When academics grow up they still behave as their students do: sitting at the back and hoping no one picks on them for input. I wonder how many chairs there are at the University: tens of thousands I imagine. Perhaps the entire student population could sit down there at once, but many of them would definitely be visible at the front.
We don’t normally do spring graduations. These are replacements for the ceremonies that were going to take place in December and then were cancelled at two day’s notice because everyone in ‘Authority’ had another outbreak of paranoia that — let’s look back and be honest about this — turned out to have very little basis in sensible judgments of risk. Anyway, I’m glad they finally made it. It offers a, hopefully singular, opportunity to picture the daffodil/graduation conjunction. And yes, the litter is there but let’s try to work it into the composition somehow.
Not quite Wordsworth’s multitude but there are certainly a lot of these sprouting outside the Ellen Wilkinson Building on campus at the moment, something the rather random focus point of this shot is intended to capture. This is the 700th Manchester shot to feature on here, by the way.
It’s voting season for the Students’ Union. I’m certainly endorsing Candy’s candidacy. With a name like Candy Kong how, indeed, can one go wrong. She should be given a position of power with immediate effect.
For the first three weeks of this semester I have been giving some classes in the Chemistry building, where resides this interesting display: I’m sure you realise what is going on here. As today was the last of these three classes, and I may never come back in here again, I thought I would capture it while I had the chance. They have omitted to include examples of the radioactive elements, but that’s probably a good thing.
22/02/2022 was today’s date, and a Twosday too: so Radon, to bottom right, perhaps is the most representative of these.
Somewhat continuing a theme from yesterday, but hey. Definitively, the first blossom I’ve seen of the year turns up in the courtyard of the Ellen Wilkinson Building, as it has done before (it’s a finely sheltered spot).
The students are back — fortunately — and campus was busy today. All the same I want to epitomise the day with this unpeopled shot. If even recycling bins, and yellow warning signs, can look pretty, then you know the light is something special.

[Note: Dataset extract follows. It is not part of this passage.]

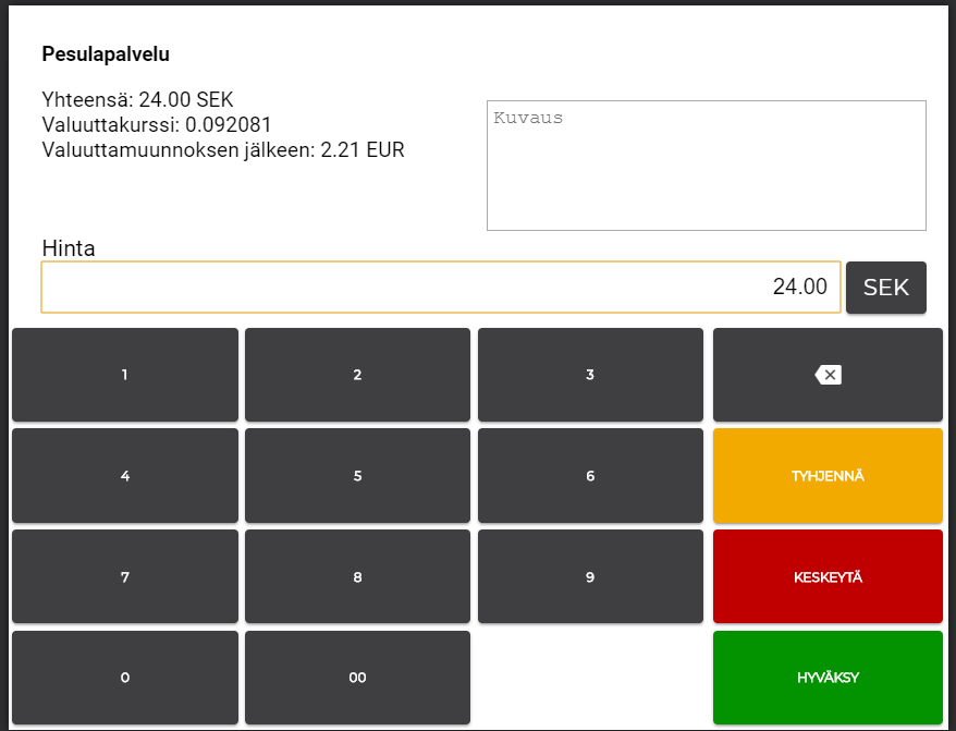 Jos työasemalle on konfiguroitu useampi valuutta, voidaan avoimen hinnan tuotteita myytäessä sekä maksu sisään / ulos -toiminnoissa vaihtaa syötettävä summa eri valuuttaan. Tällöin kuitin voi maksaa vain valitulla valuutalla.
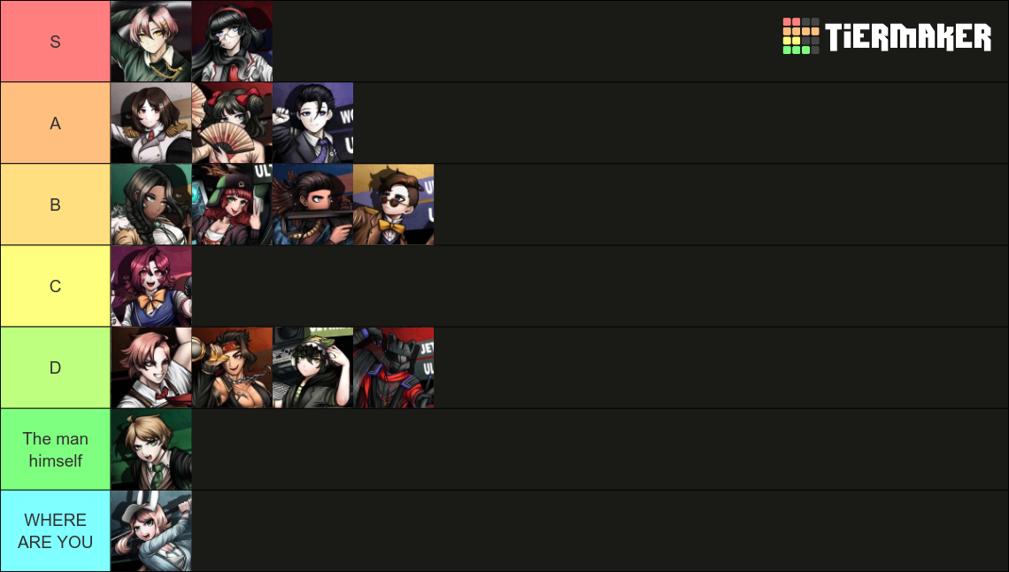 There should be more dual pics like this. >>559954784Honestly I didn't think of Souda as anything more than a mildly (yet easily ignorable) annoyance for the entire game, but his FTE was decent actually. Of all the background boring characters he at least had some sort of personality, even if it was an embarrassing groveling one for women. This >>559896339 was my tier list of all the DR2 Dangans I posted last thread.>>559955196Not far off from the truth, Imposter, but please "I like his design"? Its rather ugly... I had no taste for the punk aesthetic, at least not how its presented like that anyways...

The last taught class of the first semester, and of 2021. The students show off the ideas they’ve been working on in groups over the last few weeks — including, here, 3-D printing being used to create replicas of famous artworks that people can then touch and interact with, which seems a reasonable idea to me. It was an engaging, interesting class, and one that if I had listened to my paranoid employer, I should have hoiked online at 12 hours’ notice. But I didn’t listen, and the life of everyone involved was all the better for it.
At times in a British December it’s hard to believe there is such a thing as sunlight, so this was a welcome burst on an otherwise grey day, illuminating those of us taking a break in University Place. For once, on this shot, I don’t mind the appearance of litter bins.